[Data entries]
···

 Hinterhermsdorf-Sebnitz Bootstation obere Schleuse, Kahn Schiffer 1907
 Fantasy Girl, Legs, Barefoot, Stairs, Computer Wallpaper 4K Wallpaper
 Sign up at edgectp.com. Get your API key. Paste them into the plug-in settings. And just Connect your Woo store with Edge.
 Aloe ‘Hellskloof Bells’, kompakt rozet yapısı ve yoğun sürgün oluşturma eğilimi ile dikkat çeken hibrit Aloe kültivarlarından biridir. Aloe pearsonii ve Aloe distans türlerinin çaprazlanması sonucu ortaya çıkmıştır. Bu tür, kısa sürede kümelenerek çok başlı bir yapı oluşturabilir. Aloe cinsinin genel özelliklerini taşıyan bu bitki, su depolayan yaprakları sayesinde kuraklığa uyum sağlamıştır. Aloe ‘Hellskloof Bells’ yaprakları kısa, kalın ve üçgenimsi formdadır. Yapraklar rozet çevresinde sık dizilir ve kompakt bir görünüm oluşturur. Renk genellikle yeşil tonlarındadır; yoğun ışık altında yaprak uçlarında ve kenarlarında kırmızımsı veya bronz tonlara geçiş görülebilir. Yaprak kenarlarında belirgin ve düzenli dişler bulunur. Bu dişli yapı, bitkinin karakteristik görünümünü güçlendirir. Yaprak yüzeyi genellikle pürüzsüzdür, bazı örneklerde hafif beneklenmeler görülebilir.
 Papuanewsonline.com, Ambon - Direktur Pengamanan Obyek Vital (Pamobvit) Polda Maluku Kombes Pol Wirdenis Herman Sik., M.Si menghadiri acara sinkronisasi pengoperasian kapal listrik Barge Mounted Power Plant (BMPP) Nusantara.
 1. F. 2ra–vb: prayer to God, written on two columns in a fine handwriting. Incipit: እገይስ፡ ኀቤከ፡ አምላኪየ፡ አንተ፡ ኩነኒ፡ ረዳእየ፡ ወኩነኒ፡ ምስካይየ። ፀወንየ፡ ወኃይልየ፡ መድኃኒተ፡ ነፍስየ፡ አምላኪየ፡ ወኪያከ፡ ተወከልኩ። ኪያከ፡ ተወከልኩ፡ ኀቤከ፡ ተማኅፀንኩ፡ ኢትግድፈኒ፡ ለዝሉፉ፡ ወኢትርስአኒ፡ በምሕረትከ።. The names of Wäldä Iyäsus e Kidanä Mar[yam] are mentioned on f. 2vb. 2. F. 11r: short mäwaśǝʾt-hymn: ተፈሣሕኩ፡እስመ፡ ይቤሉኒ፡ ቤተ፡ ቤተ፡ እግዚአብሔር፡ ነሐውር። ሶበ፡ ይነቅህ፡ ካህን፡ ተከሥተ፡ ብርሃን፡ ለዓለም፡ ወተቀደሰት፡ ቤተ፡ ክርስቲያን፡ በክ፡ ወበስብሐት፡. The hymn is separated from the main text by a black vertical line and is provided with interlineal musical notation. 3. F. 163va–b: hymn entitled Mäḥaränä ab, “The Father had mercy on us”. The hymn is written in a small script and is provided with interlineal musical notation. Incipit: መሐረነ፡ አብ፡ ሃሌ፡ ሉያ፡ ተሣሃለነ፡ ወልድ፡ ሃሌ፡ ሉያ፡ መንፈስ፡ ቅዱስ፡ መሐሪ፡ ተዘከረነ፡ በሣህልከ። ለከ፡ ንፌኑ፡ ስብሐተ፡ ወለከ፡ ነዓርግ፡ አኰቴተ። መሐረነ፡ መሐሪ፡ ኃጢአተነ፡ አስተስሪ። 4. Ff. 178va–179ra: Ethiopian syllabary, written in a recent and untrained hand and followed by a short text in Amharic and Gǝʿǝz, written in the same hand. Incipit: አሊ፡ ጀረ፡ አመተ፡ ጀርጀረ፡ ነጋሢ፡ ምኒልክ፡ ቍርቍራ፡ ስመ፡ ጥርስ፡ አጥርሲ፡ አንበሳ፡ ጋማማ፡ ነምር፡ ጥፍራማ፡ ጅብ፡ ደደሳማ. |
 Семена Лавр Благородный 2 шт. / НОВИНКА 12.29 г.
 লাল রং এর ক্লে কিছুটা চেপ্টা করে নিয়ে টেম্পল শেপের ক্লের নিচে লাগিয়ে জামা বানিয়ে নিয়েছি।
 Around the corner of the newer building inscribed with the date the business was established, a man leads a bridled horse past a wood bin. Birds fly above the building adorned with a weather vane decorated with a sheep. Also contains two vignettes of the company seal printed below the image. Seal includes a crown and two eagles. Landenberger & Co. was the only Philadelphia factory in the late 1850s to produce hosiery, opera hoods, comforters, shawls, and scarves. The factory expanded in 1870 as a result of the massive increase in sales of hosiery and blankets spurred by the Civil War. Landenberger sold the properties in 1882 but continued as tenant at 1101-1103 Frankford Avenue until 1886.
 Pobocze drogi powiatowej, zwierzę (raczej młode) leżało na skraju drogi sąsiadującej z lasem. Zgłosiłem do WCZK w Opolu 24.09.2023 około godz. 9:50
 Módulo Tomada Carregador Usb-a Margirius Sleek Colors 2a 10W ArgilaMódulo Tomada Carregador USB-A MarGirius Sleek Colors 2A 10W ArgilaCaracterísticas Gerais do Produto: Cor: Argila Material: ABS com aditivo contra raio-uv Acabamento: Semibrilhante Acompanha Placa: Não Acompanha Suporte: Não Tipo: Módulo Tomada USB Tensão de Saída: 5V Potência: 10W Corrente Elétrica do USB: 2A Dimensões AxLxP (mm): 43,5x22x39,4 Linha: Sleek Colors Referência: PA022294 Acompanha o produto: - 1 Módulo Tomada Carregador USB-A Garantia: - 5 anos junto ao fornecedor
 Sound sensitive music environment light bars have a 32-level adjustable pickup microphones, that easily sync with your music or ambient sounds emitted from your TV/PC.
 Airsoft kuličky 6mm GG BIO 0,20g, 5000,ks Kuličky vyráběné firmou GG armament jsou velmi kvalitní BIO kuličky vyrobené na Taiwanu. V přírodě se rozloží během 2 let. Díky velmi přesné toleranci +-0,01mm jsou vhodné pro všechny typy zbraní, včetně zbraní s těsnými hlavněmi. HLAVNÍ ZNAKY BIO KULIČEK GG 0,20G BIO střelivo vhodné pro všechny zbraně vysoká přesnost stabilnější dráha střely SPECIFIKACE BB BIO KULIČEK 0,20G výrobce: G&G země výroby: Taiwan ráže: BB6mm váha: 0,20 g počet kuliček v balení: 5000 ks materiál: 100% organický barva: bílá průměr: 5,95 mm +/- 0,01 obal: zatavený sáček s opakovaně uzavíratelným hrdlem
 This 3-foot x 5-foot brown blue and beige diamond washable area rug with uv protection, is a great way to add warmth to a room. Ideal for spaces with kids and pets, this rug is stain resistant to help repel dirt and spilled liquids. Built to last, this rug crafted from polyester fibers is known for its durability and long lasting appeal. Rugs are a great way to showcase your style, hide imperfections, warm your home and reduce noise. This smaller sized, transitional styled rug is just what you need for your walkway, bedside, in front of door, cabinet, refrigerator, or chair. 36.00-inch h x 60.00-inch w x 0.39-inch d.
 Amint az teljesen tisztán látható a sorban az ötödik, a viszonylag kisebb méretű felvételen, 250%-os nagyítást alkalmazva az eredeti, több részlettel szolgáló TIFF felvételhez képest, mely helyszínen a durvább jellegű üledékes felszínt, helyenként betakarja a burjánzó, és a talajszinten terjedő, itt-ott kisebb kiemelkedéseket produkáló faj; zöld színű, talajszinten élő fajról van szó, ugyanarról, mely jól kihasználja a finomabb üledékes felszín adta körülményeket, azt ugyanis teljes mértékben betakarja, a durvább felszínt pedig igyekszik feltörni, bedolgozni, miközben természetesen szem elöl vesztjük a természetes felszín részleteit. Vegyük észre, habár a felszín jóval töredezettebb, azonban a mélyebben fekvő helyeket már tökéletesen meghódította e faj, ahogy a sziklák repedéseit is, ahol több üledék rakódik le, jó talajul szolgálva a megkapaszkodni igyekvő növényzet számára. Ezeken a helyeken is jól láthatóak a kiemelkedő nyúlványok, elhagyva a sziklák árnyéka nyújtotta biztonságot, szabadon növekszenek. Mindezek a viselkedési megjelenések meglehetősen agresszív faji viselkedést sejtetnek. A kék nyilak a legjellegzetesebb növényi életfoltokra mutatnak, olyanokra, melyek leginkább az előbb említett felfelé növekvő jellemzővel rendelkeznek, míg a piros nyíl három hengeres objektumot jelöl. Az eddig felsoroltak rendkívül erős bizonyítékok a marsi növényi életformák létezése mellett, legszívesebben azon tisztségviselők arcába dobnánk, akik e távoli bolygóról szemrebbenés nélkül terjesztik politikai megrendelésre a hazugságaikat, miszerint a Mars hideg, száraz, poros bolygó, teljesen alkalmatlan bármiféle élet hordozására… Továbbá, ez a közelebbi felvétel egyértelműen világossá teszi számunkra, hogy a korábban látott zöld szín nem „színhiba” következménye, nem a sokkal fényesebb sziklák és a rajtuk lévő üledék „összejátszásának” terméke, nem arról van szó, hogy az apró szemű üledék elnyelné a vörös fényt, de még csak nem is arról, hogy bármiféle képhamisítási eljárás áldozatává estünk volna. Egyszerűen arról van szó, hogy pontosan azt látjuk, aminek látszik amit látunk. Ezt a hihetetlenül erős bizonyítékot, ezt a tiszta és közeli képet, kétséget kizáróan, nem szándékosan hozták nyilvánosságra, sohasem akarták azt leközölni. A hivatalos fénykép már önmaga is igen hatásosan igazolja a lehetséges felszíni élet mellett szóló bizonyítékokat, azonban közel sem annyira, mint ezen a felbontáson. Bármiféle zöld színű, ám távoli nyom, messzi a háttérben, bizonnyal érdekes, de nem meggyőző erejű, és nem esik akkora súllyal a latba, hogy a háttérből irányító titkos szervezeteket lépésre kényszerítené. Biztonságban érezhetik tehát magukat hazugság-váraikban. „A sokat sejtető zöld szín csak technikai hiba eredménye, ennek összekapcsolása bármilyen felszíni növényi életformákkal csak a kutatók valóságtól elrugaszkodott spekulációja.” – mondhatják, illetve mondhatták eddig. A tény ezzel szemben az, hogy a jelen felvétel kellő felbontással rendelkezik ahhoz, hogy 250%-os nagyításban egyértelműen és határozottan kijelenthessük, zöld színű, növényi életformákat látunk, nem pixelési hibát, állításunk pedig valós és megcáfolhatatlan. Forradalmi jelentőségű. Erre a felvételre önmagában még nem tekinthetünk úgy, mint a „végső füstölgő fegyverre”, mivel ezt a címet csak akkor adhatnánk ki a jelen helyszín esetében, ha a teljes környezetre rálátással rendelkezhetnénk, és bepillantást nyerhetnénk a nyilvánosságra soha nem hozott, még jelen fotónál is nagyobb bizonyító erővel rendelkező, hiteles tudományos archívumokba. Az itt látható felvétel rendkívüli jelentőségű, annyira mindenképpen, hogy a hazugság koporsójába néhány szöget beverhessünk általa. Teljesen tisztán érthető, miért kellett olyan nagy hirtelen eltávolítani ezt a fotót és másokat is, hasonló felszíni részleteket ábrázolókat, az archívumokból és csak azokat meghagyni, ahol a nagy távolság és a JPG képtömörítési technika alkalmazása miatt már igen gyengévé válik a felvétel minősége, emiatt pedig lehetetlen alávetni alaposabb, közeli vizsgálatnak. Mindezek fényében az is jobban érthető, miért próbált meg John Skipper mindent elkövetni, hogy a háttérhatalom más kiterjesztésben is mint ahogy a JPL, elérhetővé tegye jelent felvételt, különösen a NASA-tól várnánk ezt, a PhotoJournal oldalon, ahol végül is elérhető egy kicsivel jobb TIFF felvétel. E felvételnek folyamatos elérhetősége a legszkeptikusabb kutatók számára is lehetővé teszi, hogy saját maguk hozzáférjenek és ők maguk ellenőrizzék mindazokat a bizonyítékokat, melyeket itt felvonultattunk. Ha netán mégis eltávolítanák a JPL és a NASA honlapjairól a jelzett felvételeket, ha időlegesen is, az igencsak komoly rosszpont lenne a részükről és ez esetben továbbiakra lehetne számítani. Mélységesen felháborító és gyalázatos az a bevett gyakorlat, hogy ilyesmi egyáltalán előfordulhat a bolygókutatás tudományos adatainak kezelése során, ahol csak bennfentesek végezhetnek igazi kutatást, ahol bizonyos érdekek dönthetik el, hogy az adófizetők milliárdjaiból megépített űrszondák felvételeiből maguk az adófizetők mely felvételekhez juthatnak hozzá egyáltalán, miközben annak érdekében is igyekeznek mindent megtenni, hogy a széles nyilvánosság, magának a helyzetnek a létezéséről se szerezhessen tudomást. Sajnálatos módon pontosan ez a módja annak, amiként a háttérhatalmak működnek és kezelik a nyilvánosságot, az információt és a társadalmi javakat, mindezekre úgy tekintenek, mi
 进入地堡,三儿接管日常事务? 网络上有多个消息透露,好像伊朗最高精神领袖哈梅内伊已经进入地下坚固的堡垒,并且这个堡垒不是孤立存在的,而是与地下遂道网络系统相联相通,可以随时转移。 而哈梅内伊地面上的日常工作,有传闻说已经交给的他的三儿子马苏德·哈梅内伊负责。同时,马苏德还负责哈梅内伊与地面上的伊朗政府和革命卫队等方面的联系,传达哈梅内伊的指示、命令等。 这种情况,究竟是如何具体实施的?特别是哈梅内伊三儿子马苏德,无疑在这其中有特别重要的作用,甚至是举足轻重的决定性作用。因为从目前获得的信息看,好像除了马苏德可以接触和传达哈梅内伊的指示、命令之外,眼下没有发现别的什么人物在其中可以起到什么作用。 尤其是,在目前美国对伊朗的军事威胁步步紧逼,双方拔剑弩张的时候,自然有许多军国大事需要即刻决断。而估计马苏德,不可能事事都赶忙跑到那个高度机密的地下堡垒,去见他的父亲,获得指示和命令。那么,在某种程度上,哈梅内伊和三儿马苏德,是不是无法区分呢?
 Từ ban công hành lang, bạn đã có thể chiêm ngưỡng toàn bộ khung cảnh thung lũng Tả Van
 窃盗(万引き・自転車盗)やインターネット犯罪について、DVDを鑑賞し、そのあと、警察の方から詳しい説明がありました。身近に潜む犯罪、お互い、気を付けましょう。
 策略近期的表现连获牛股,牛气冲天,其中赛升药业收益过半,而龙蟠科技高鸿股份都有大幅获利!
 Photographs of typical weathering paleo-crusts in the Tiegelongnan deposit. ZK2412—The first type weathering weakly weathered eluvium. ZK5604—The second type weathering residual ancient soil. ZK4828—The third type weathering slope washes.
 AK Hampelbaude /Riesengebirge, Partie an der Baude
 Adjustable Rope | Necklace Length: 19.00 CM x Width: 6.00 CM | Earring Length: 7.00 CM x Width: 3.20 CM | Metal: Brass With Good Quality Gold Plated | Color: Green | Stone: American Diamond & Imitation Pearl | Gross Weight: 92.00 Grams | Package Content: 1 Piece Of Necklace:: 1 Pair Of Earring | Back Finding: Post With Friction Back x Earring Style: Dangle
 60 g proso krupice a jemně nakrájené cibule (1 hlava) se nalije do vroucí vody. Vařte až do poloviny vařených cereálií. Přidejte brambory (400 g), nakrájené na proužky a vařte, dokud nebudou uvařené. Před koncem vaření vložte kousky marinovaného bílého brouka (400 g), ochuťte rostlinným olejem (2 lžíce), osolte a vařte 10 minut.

···

Word for word, restate the lines of the data above that fall between the line holding "Fantasy Girl, Legs, Barefoot, Stairs, Computer" and the line holding "Sign up at edgectp.com.", inclusive, and no other lines.

 Fantasy Girl, Legs, Barefoot, Stairs, Computer Wallpaper 4K Wallpaper
 Sign up at edgectp.com. Get your API key. Paste them into the plug-in settings. And just Connect your Woo store with Edge.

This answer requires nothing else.